» **TO DO**
As you reproduce every line below, keep it exactly as written and leave out the images.

» **SUPPLIED DATA**
++++++++++
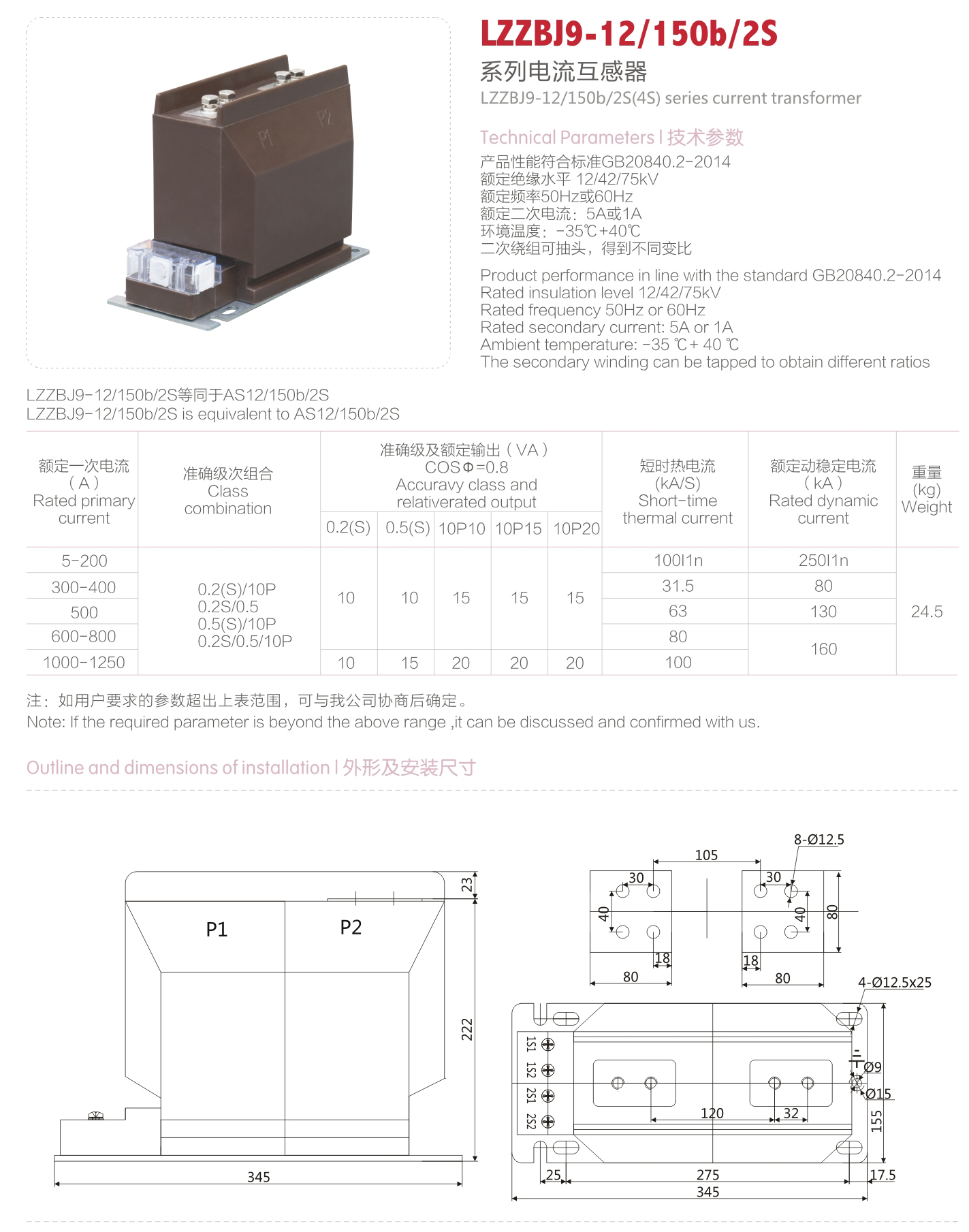 LZZBJ9-12/150b/2S系列電流互感器
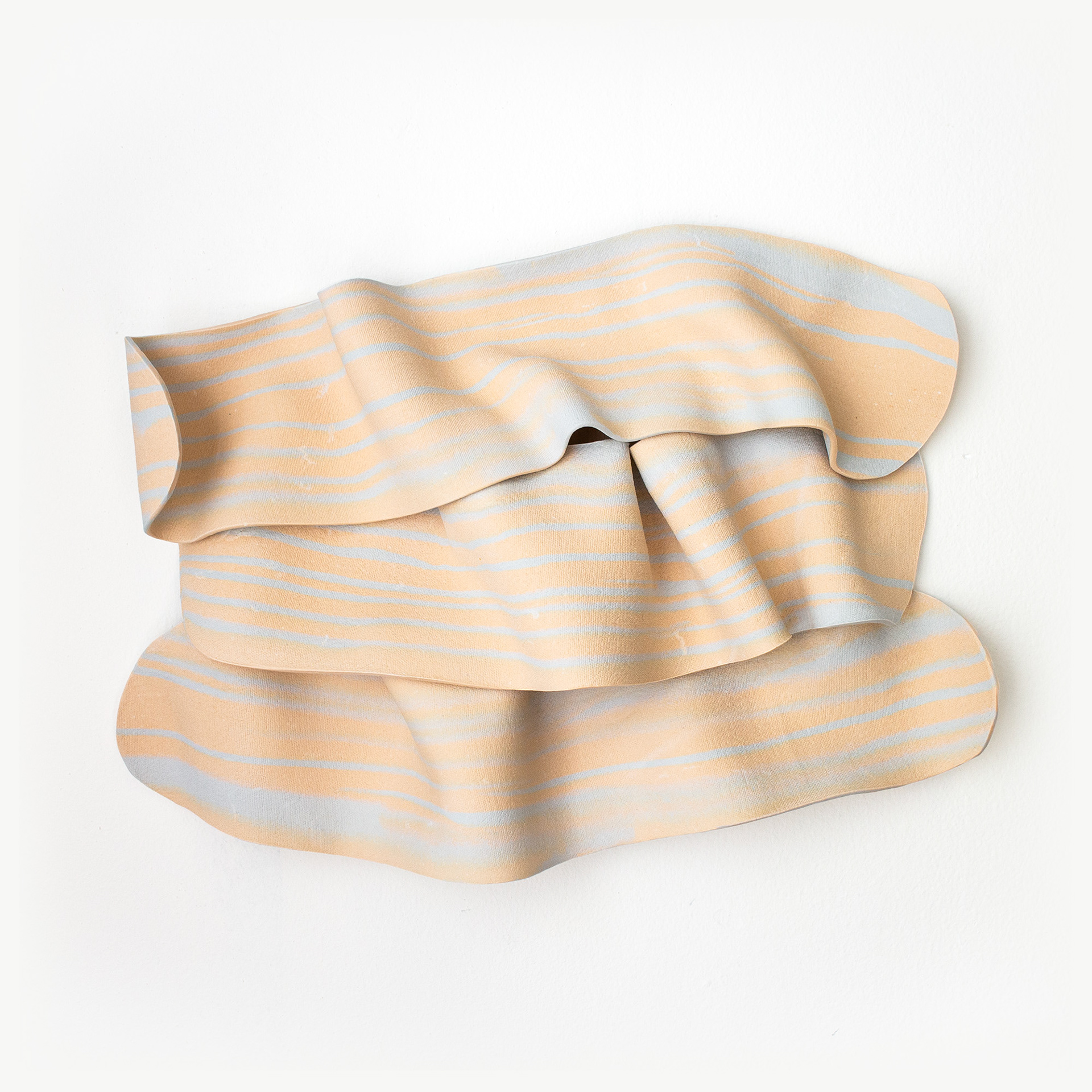 The Cut series, in development since 2019, focuses on capturing fleeting moments in the creative process. The fabric-like forms of the ceramic bodies reflect the spontaneous movements inherent in my sculpting process, using soft Nerikomi clay slabs. Each piece carries the traces of the many moments and efforts embedded in its creative process. Since its first public exhibition in 2020, Cut series has been continuing to evolve, with new explorations in scales and colours.
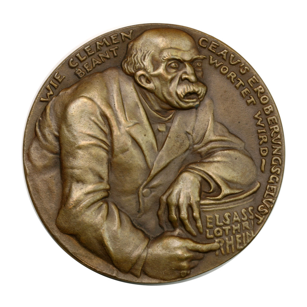 I. VH Karl Goetz emlékérem 1918 a francia államférfi, Clemenceau hódító politikájáról és Párizs nagy hatótávolságú bombázásáról.
++++++++++
» **SOLUTION**
 LZZBJ9-12/150b/2S系列電流互感器
 The Cut series, in development since 2019, focuses on capturing fleeting moments in the creative process. The fabric-like forms of the ceramic bodies reflect the spontaneous movements inherent in my sculpting process, using soft Nerikomi clay slabs. Each piece carries the traces of the many moments and efforts embedded in its creative process. Since its first public exhibition in 2020, Cut series has been continuing to evolve, with new explorations in scales and colours.
 I. VH Karl Goetz emlékérem 1918 a francia államférfi, Clemenceau hódító politikájáról és Párizs nagy hatótávolságú bombázásáról.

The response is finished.